Вот уж не думал, что когда-нибудь я буду стоять перед ложем Суворова и читать ему стихи Пушкина. За окном поднималось солнце девятнадцатого века, по набережной канала на каретах катались важные господа и дамы, а я стоял и декламировал с поднятыми руками. как заправский отличник перед учителем. Впрочем, всего «Евгения Онегина» я не помнил, поэтому прочитал только «письмо Татьяны».
Закончив, я некоторое время стоял и глядел на Суворова, а тот лежал, вытянувшись на кровати и молчал. Я подумал, что ему стало худо и хотел позвать на помощь, но тут генералиссимус открыл глаза и сказал:
— Недурно, помилуй бог, недурно. Слышу разящую поступь гения. Кто этот поэт?
После некоторого колебания я ответил:
— Я забыл его фамилию.
Суворов испытующе поглядел на меня и неожиданно закричал басом:
— Прошка! Где ты шляешься, прохиндей! Давай чаю!

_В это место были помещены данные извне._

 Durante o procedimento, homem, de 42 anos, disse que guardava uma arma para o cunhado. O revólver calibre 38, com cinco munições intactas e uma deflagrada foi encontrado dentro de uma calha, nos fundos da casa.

Поначалу ничего не происходило, а затем дверь отворилась и заглянул давешний лохматый слуга. Это был, конечно же, знаменитый на всю Россию камердинер Прохор, любитель увеселительных напитков и самый преданный Суворову человек. Суровые глаза прятались под густыми бровями, в пышных усах застряли крошки табака.
— Так ведь давно-ж хотов чай, ваш сиятельство, — с обидой ответил он. — Тока скажите, буду-ж подавать.

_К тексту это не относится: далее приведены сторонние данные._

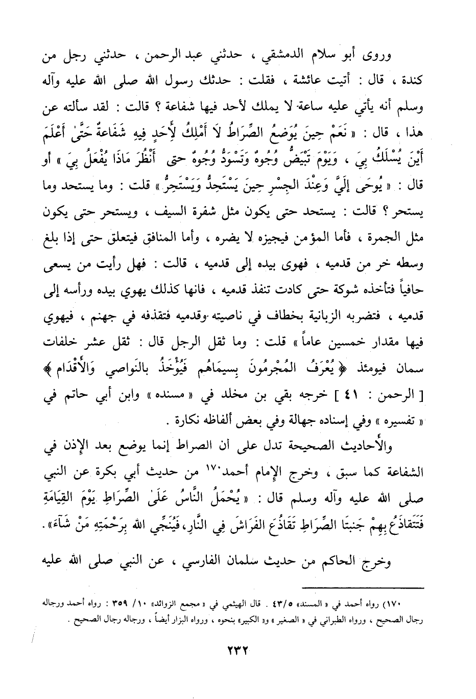 وروى أبو سلام الدمشقي: «حدثني عبد الرحمن، حدثني رجل من كندة، قال: أتيت عائشة، فقلت: حدثك رسول الله صَلَّى اللهُ عَلَيْهِ وَآلِهِ وَسَلَّمَ، أنه يأتي عليه ساعة لا يملك لأحد فيها شفاعة؟ قالت: لقد سألته عن هذا، قال: نعم، حين يوضع الصراط، لا أملك لأحد فيه شفاعة، حتى أعلم أين يسلك بي، ويوم تبيض وجوه وتسود وجوه، حتى أنظر ماذا يفعل بي أو قال: يوحى إلي، وعند الجسر، حين يستحد ويستحر قلت: وما يستحد وما يستحر؟ قالت: يستحد حتى يكون مثل شفرة السيف، ويستحر حتى يكون مثل الجمرة، فأما المؤمن، فيجيزه لا يضره، وأما المنافق، فيتعلق، حتى إذا بلغ وسطه، خر من قدميه، فهوى بيده إلى قدميه، قالت: فهل رأيت من يسعى حافياً، فتأخذه شوكة حتى كادت تنفذ قدميه؟ ! فإنها كذلك، يهوي بيده ورأسه إلى قدميه، فتضربه الزبانية بخطاب في ناصيته وقدميه، فتقذفه في جهنم، فيهوي فيها مقدار خمسين عاماً قلت: وما ثقل الرجل قال: ثقل عشر خلفات سمان فيومئذ:

Насколько я помнил, за итальянский и швейцарский походы Суворову дали княжеский титул, но слуга по старинке продолжал величать барина графом.
— Ну так давай его, брюхо просит! — приказал полководец и снова поморщился от боли в ногах. Затем ухмыльнулся мне. — Брюхо злодей, старого добра не помнит!
Он указал на стул и добавил:
— А теперь расскажи, кто таков и чего разгуливал под моими окнами. Может, ты востроглаз и за мной подсматривал?
Я так понял, что востроглазами он называл шпионов Тайной экспедиции. Улыбнувшись, я покачал головой.
— Упаси бог, Александр Васильевич. Я и сам от них прячусь.
— А с чего бы это? — строго спросил полководец и я обратил внимание, как сильно осунулось у него лицо. Он, в свою очередь, осмотрел мою странную одежду. — Набедокурил, что ли? Что за наряд на тебе иноземный?
— Я прибыл издалека, — ответил я, раздумывая, чтобы выдать эдакое позаковыристей. Суворов очень начитанный и образованный, враз раскусит плохо состряпанную легенду. — Там у нас все носят такую одежду.
— То-то я вижу, что говор у тебя тоже ненашенский, — заметил военачальник и хотел добавить что-то еще, но дверь открылась и вошел Прохор с подносом в руках.
Кушаний было несколько видов, некоторые супы томились в горшочках, другие блюда насыпали в тарелки. Здесь же стояли маленький графин водки, стопки и закуски. Камердинер поставил поднос на стол и пододвинул к лежанке своего господина. Суворов, охая от боли, приподнялся на постели и пояснил мне:
— Хворь, проклятая, не дает ходить далеко, — а затем похлопал рядом с собой. — Давай, Витя, садись, у нас поэтов голодом не морят. Хоть ты и скользкий какой-то, с секретом посередине, но человек добронравный. Раздели со мной трапезу.
Я не заставил себя долго упрашивать. Не каждый день тебя кормит легендарный генералиссимус. Я уселся рядом и с удовольствием отведал, чего Бог послал на стол князя. Тем более, что из-за всех стрессов последнего дня я порядком проголодался.